BP1992, where in the world is that pic from??  Looks like a crow roost from the midwest.  I would like to do some crow hunting there!


----------



## SCPO (Jun 19, 2012)

*couple*

these taken behind my house here in city


----------



## WestGaJohn (Jun 19, 2012)

bzzz.  I've seen others like this, but this is the first one I captured.


----------



## SouthGeorgiaBoy (Jun 19, 2012)

These aren't mine but they are still pretty neat.


----------



## WestGaJohn (Jun 19, 2012)

@week13 has us beat with the Tupac hologram.


----------



## Inthegarge (Jun 19, 2012)

Here's my Ghost walking his dog..........


----------



## 7mm-08cobb (Jun 19, 2012)

*Two Bucks*

From my local camera, last month. Looks like one buck with 2 racks.


----------



## pstrahin (Jun 19, 2012)

Some good pictures.  Thanks for sharing.


----------



## Maduro on Point (Jun 19, 2012)




----------



## Maduro on Point (Jun 19, 2012)




----------



## BPowell92 (Jun 19, 2012)

TurkeyBird said:


> BP1992, where in the world is that pic from??  Looks like a crow roost from the midwest.  I would like to do some crow hunting there!



That picture is from Kentucky.


----------



## mr_aaron_ricks (Jun 19, 2012)

There not mine an you may have seen them on my other thread but theses pics are unusual!


----------



## MrPerfect (Jun 19, 2012)

What is it?


----------



## miles58 (Jun 19, 2012)

mr_aaron_ricks said:


> There not mine an you may have seen them on my other thread but theses pics are unusual!



DUDE!!!

A little warning please!  Now I go gotta buy eye bleach.

Dave


----------



## pstrahin (Jun 19, 2012)

miles58 said:


> DUDE!!!
> 
> A little warning please!  Now I go gotta buy eye bleach.
> 
> Dave



No Kiddin.  That image would cause the meanest of mean mental distress!


----------



## mr_aaron_ricks (Jun 19, 2012)

Well it was unusual wasn't it?


----------



## Maduro on Point (Jun 19, 2012)

That is not unusal that is just down right WRONG!!!!


----------



## biggdogg (Jun 19, 2012)

somebody need to be banded for that!!


----------



## mr_aaron_ricks (Jun 19, 2012)

So how would you handle someone like that walking up to you in the woods or stand?


----------



## gdaagent (Jun 19, 2012)

mr_aaron_ricks said:


> So how would you handle someone like that walking up to you in the woods or stand?



Choot'em!
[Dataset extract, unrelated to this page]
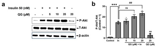 Quercetagitrin (QG) demonstrates an insulin-sensitizing effect by stimulating the phosphorylation of Akt. (a) Differentiated C2C12 myoblasts were treated with the control (0.1% DMSO, 50 nM insulin (as a positive control, represented as In), co-treatment with 5, 10, or 20 μM QG (6 h) and 50 nM insulin (30 min), or 20 μM QG alone (6 h), followed by Western blotting using antibodies targeting phosphorylated Akt (P−Akt), total Akt (T−Akt), and β−actin. (b) Quantitative analysis of P−Akt/T−Akt levels was performed using the image analysis software (ATTO Corporation, Tokyo, Japan). Results are represented as the mean ± standard deviation. *** p < 0.001 were considered significantly different compared to the control group, ## p < 0.01 were considered significantly different compared to the positive control group, and ns is considered as non-significant compared to the positive control group.

What else?


----------



## Flaustin1 (Jun 19, 2012)

TurkeyBird said:


> BP1992, where in the world is that pic from??  Looks like a crow roost from the midwest.  I would like to do some crow hunting there!



Them aint crows.


----------



## woods-n-water (Jun 19, 2012)

mr_aaron_ricks said:


> There not mine an you may have seen them on my other thread but theses pics are unusual!



I bet the red bugs tore him up...........


----------



## Greg (Jun 19, 2012)

Last night my wife and I were watching Wild Justice (think that is the right name) and they pulled over a suspected poacher. Turns out he was out in the woods with much more nefarious thoughts. He was wearing a bra and had a collection of personal satisfaction products. I just showed Mr Ricks post to my wife and her first questions was this where the show last night was filmed.


----------



## ALPHAMAX (Jun 20, 2012)

week13 either that's where you need to hunt or that's why your not seeing any deer. they appear and they disappear


----------



## week 13 (Jun 20, 2012)

Some people say their deer disappear as soon as deer season starts, ours may really disappear.


----------



## Arrow3 (Jun 20, 2012)

These are all from my personal collection.
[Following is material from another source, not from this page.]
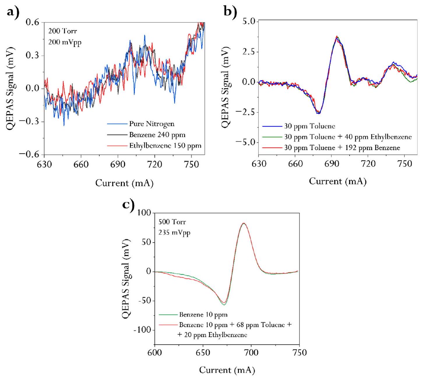 يوضح الشكل 12(أ) مقارنة لإشارة QEPAS التي تم الحصول عليها لـ 240 جزء في المليون من البنزين و150 جزء في المليون من الإيثيل بنزين والنيتروجين النقي، باستخدام الإعداد الموضح في الشكل 3 مع كمصدر للضوء. تؤكد النتيجة أن كل من البنزين والإيثيل بنزين ليس لهما ميزات امتصاص يمكن اكتشافها ضمن النطاق الديناميكي الحالي لـ . تم تأكيد ذلك من خلال تقييم الفرق نقطة بنقطة بين الطيفين الثلاثة، مما أدى إلى تقلبات أقل من تقلبات إشارة QEPAS عند أي قيمة تيار ثابتة. يمكن أن يُعزى الهيكل الطيفي الخلفي الضعيف المرئي في جميع الحالات الثلاث إلى

Check out the two mature bucks fighting under the close up deer's neck...


----------



## bamaboy (Jun 20, 2012)

wow some very interesting pics!


----------



## redwards (Jun 20, 2012)

*In the eye of the storm...*

I had one of my cameras on a big oak tree in the edge of a swamp over in Franklin Co. last August. A bad storm passed through and took out a huge oak that was right next to the tree my camera was on.


----------



## bpryor (Jun 20, 2012)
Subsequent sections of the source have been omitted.